11-18 Vol. 3A
MEMORY CACHE CONTROL
11.5.6
L1 Data Cache Context Mode
L1 data cache context mode is a feature of processors based on the Intel NetBurst microarchitecture that support
Intel Hyper-Threading Technology. When CPUID.1:ECX[bit 10] = 1, the processor supports setting L1 data cache
context mode using the L1 data cache context mode flag ( IA32_MISC_ENABLE[bit 24] ). Selectable modes are
adaptive mode (default) and shared mode.
The BIOS is responsible for configuring the L1 data cache context mode.
11.5.6.1 Adaptive Mode
Adaptive mode facilitates L1 data cache sharing between logical processors. When running in adaptive mode, the
L1 data cache is shared across logical processors in the same core if:
•
CR3 control registers for logical processors sharing the cache are identical.
•
The same paging mode is used by logical processors sharing the cache.
In this situation, the entire L1 data cache is available to each logical processor (instead of being competitively
shared).
If CR3 values are different for the logical processors sharing an L1 data cache or the logical processors use different
paging modes, processors compete for cache resources. This reduces the effective size of the cache for each logical
processor. Aliasing of the cache is not allowed (which prevents data thrashing).
11.5.6.2 Shared Mode
In shared mode, the L1 data cache is competitively shared between logical processors. This is true even if the
logical processors use identical CR3 registers and paging modes.
In shared mode, linear addresses in the L1 data cache can be aliased, meaning that one linear address in the cache
can point to different physical locations. The mechanism for resolving aliasing can lead to thrashing. For this
reason, IA32_MISC_ENABLE[bit 24] = 0 is the preferred configuration for processors based on the Intel NetBurst
microarchitecture that support Intel Hyper-Threading Technology.
11.6 SELF-MODIFYING
CODE
A write to a memory location in a code segment that is currently cached in the processor causes the associated
cache line (or lines) to be invalidated. This check is based on the physical address of the instruction. In addition,
the P6 family and Pentium processors check whether a write to a code segment may modify an instruction that has
been prefetched for execution. If the write affects a prefetched instruction, the prefetch queue is invalidated. This
latter check is based on the linear address of the instruction. For the Pentium 4 and Intel Xeon processors, a write
or a snoop of an instruction in a code segment, where the target instruction is already decoded and resident in the
trace cache, invalidates the entire trace cache. The latter behavior means that programs that self-modify code can
cause severe degradation of performance when run on the Pentium 4 and Intel Xeon processors.
In practice, the check on linear addresses should not create compatibility problems among IA-32 processors. Appli-
cations that include self-modifying code use the same linear address for modifying and fetching the instruction.
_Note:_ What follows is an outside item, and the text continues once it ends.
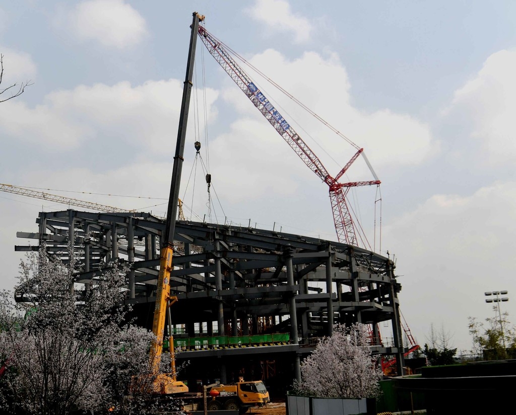 2月21日,“爱成都 迎大运”由中国五冶集团承建的成都露天音乐公园室内演奏厅项目钢结构整体建设顺利。

Systems software, such as a debugger, that might possibly modify an instruction using a different linear address
than that used to fetch the instruction, will execute a serializing operation, such as a CPUID instruction, before the
modified instruction is executed, which will automatically resynchronize the instruction cache and prefetch queue.
(See Section 8.1.3, “Handling Self- and Cross-Modifying Code,” for more information about the use of self-modi-
fying code.)
For Intel486 processors, a write to an instruction in the cache will modify it in both the cache and memory, but if
the instruction was prefetched before the write, the old version of the instruction could be the one executed. To
prevent the old instruction from being executed, flush the instruction prefetch unit by coding a jump instruction
immediately after any write that modifies an instruction.